Arm’s Length Price (ALP) to comply with the Transfer Pricing (TP)
As United Arab Emirates (UAE) is all set to implement Corporate Tax (CT) effective 1 June 2023, understanding the Transfer Pricing guidelines is essential when a tax registrant is having any transactions with any related parties either in UAE or outside of UAE. As per the public consultation document on Corporate Taxes in UAE released by the Ministry of Finance, all the Related Party transactions and transactions with Connected Persons will have to comply with transfer pricing rules and the arm’s length principle as set out in OECD guidelines.
What is Arm’s Length Price (ALP)?
ALP is a price which is applied in a transaction between persons who are unrelated to each other in uncontrolled conditions. For e.g: Open market transactions
Why should we calculate ALP as part of compliance with Corporate Tax in UAE?
Many a times the transactions between related parties are influenced due to nature of their relationships.

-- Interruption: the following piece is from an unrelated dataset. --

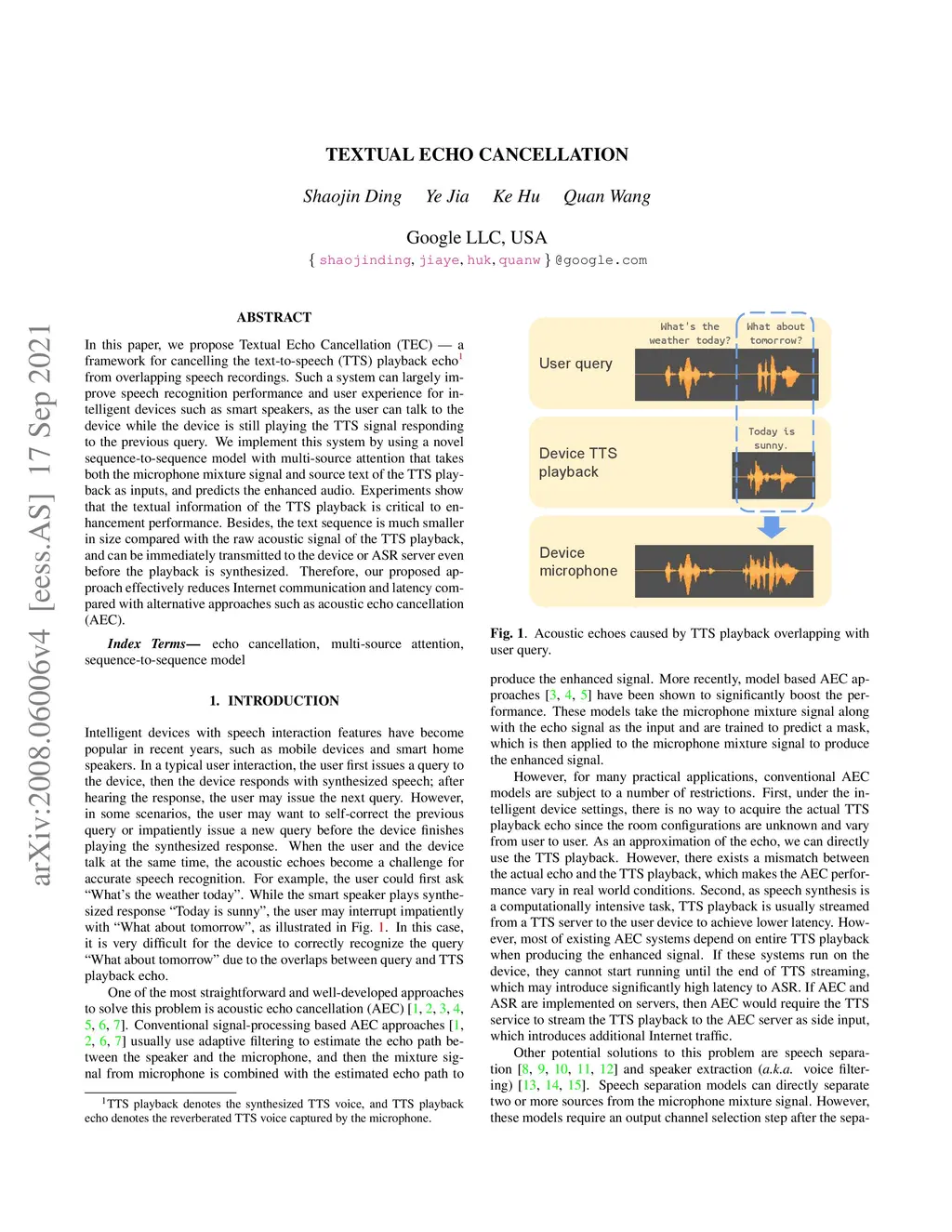 In this paper, we propose Textual Echo Cancellation (TEC) - a framework for cancelling the text-to-speech (TTS) playback echo from overlapping speech recordings. Such a system can largely improve speech recognition performance and user experience for intelligent devices such as smart speakers, as the user can talk to the device while the device is still playing the TTS signal responding to the previous query. We implement this system by using a novel sequence-to-sequence model with multi-source attention that takes both the microphone mixture signal and source text of the TTS playback as inputs, and predicts the enhanced audio. Experiments show that the textual information of the TTS playback is critical to enhancement performance. Besides, the text sequence is much smaller in size compared with the raw acoustic signal of the TTS playback, and can be immediately transmitted to the device or ASR server even before the playback is synthesized. Therefore, our proposed approach effectively reduces Internet communication and latency compared with alternative approaches such as acoustic echo cancellation (AEC).

In order to verify that their relationship has not affected their transaction calculating ALP is necessary. The applicability to all entities may vary according to the applicability guidelines as mentioned in the law.
What are the Transfer Pricing guidelines as per OECD referred for UAE Corporate Tax?
OECD has set out following methods for computation of Arm’s Length Price
A. Traditional transaction method- Comparable uncontrolled price (CUP) method
- Resale price method
- Cost plus method
- Profit split method
- Transactional net margin method
ALP must be computed using the most appropriate method, having regard to the nature of transaction or class of transaction.
Detailed information about the methods to calculate Arm’s Length Pricing in UAE
Traditional transaction method
1. Comparable uncontrolled price (CUP) method- Under this method the price charged for goods or services under any comparable uncontrolled transaction should be identifiable
- Adjustment to account for differences between related party transaction & comparable unrelated transaction can be made.
- The adjusted price calculated here will be considered as ALP.
Under this method, price at which goods or services obtained by the enterprise from a related party is resold to an unrelated party.
Following adjustment should be made under this method:
- For normal gross profit margin
- For expenses in connection to purchase of goods or services
- For any other functional differences
ALP under this method can be computed in the following manner:
- All the direct & indirect cost of production incurred by enterprise for goods & services provided to related party should be determined.
- The normal GP percentage should be added to such costs.
- This GP percentage can be adjusted after taking into account any functional differences.